After a vaccine, any reinfection would probably produce a much less serious illness.

What if I was boosted and then got Covid? Can I throw caution to the wind afterward?

If you’ve had a breakthrough infection, your immune system is well-primed and ready to fight the coronavirus when it encounters it again, Wohl said. Your body should be better prepared if you encounter Omicron again, but there’s no absolute guarantee that you’d be protected if, for example, you waded into an unmasked crowd at a concert.

“We are in the middle of the surge of surges.

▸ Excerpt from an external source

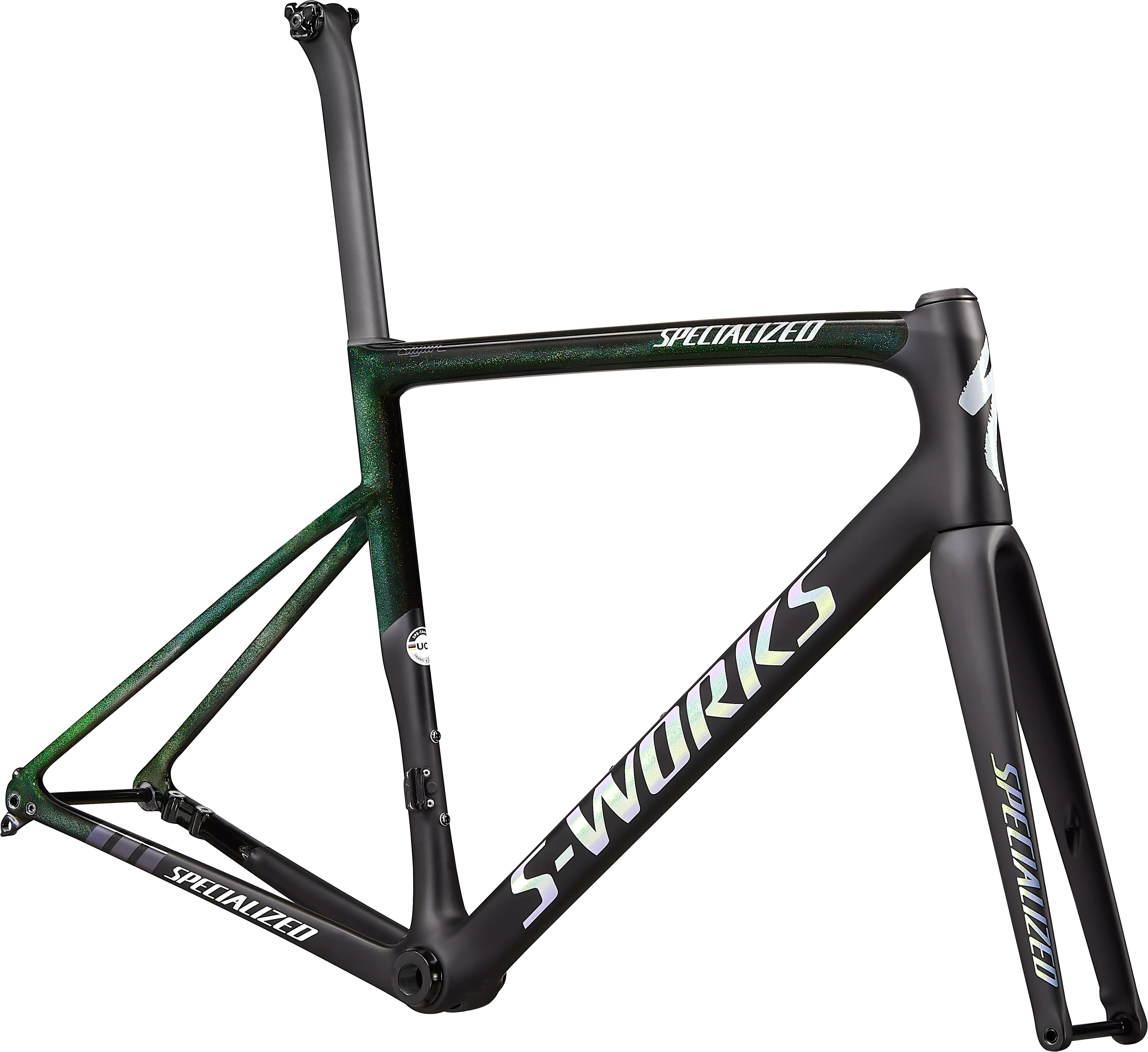新しいSagan Collectionは、ペテル・サガン「らしさ」の本質を徹底的に追求。これまでのレインボーカラーのテーマから脱却しました。 来たるシーズンにサガンが彼らしい勝利を体現するために、スペシャライズドは最速オールラウンドバイクS-Works Tarmacにかつてないカラーを採用。サガンのようにいい意味で期待を裏切るブラックのS-Works Tarmac SL6 フレームセットは、自然光のもとではグリーンが揺らめきながら現れます。スポットライトを浴びるまで真の狙いをひた隠すそのさまは、まさにカメレオン。このペイントテーマはもちろん、ツール・ド・フランスのグリーンジャージを表現しています。

This is the worst time to be out there unmasked and around other people’s noses and throats,” Wohl said.

Plus, again, you can’t be sure that the virus you come into contact with will be the same variant you caught before.

“The reason why the person who’s had Covid and boosted still wants to use common sense is because we don’t understand yet what other variants will be out there and how they will react to them,” Cohen said.

Can I get long Covid after Omicron? Or could my kids get MIS-C?

The Omicron variant is too new for experts to know anything about its long-term effects.

“We don’t know yet,” Snyder said. “It’s too soon to know.”

Research has found that vaccination slashes your risk of long-term Covid symptoms. And other studies say the most severe effects of a Covid complication called multisystem inflammatory syndrome in children (MIS-C) resolve within six months.